Joel Young is a ceramic and installation artist based in Montreal/Tiohtià:ke/Mooniyang. He has worked as an independent musician for over ten years and created the online journal Vague Magazine (2018). Joel’s ceramic and sculptural work has been shown as part of the group shows “The Suffering, Impractical Desire to Name,” (The Art Matters Festival, Montreal, 2019) and “what if x = fun FUN Spectacular,” (The Diving Bell, Montreal, 2019). He is working towards his BFA in Studio Arts at Concordia University.
Support - Project statement by the artist
Support is a sculptural installation featuring fired ceramic materials propped up by steel wire, concrete bricks and unfired earthenware clay.
What kinds of support do we take for granted in our lives? What structures do we rely on, both physical and emotional, to allow us to do what we do? During my residency at the VAV Gallery last summer, I played around with finished ceramic sculptures, trying to make them come to life using materials I had on hand. As I worked through the space, trying out different ways to prop up or position my work, I thought about how much support I get from the people in my life, and the institutions that I am a part of.
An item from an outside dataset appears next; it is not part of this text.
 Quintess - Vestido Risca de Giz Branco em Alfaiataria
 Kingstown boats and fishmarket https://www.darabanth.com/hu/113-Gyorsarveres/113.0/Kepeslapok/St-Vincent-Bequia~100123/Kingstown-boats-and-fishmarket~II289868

Stoneware, porcelain, and unglazed earthenware sculptures are formed by coiling and pinching. Abstract and figurative forms imitate parts of the human body in movement. Glazes and oxides are applied to the surfaces of the organic structures, emphasizing different surface characteristics. The materials used to support the fired ceramics have been manipulated in an intuitive way: stacking bricks, crocheting long steel chains, and hastily squeezing clay to raise the static figures from the ground brings the forms closer to the onlooker or passerby.